Wed Sep 13 10:57:50 UTC 2006

Dear Nano,

I was one of the developers of the Moses open source toolkit during  
the Johns Hopkins CLSP summer workshop this year.  Please see http:// 
www.statmt.org/moses/ for more information about the project.

> I got some newbie-like questions:
> - Our main purpose is to make an opensource English-to-Indonesian MT,
> can we use Moses for this purpose, or perhaps Moses is specific for
> Foreign-to-English translation only?

Moses is not specific to one direction; you can use it to do both  
English-to-Indonesian and Indonesian-to-English.  All you need is an  
English-Indonesian parallel corpus.

> - AFAIK, we have to provide bilingual corpus to do the statistical
> training. Some articles mentioned about "phrase translation". Do we
> need to provide some kind of phrase table, or perhaps it is generated
> automatically by a special program?

The basic training procedure for statistical machine translation  
systems is the following
(1) Assemble a bilingual training corpus, and align it on the  
sentence-level.
(2) Create word alignments for each sentence pair in your training  
corpus using the Giza++ implementation of the IBM Models.
(3) Extract phrase pairs and their translation probabilities from the  
word-alignments.
(4) Train a language model from a large monolingual corpus for the  
target language.  This can be done with the SRI language modeling  
toolkit.
(5) Tune the weights of the parameters of your statistical  
translation model by applying your decoder to a development set and  
comparing its n-best translations against a reference set.
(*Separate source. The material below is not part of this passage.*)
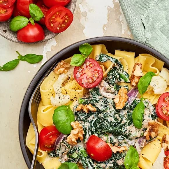 Spenatpasta med svamp och valnötter

Moses provides support scripts for extracting phrase-pairs from word  
alignments, and for tuning the weights with minimum error rate training.

Moses provides additional facilities beyond standard phrase-based  
models, in that it allows additional layers of representation to be  
integrated in the translation process.  For instance, rather than  
represent phrases as sequences of words, they can now be represented  
as sequences of 'factors' such as words, part-of-speech, stems,  
morphological info, etc.

In order to take advantage of these capabilities, you must have  
additional tools that allow you to tag your parallel corpus with the  
factors that you want to use.   Factors can be used on the source  
side, or the target side, or both, so you might be able to take  
advantage of existing tools for English if you do not have any such  
tools for Indonesian.

> - If we can't use Moses, do you have some guidance for us, perhaps
> like some pointers to opensource toolkit?

If you are able to assemble a parallel corpus, then I would encourage  
you to try Moses.  It is a straightforward way of developing a  
translation system quickly, and allows a range of possible extensions  
and improvements using the factor-based representations.

> - As a rough prediction, how many months is it going take to develop
> an "early-version" of English-to-ForeignLanguage MT ?

If you have a parallel corpus in place, then it should just take a  
few weeks to familiarize yourself with Moses, and to read the  
relevant background literature.  At that point you will be able to  
produce a baseline system, analyze the output, and think of many  
possible ways of improving it.

Good luck!

Chris Callison-Burch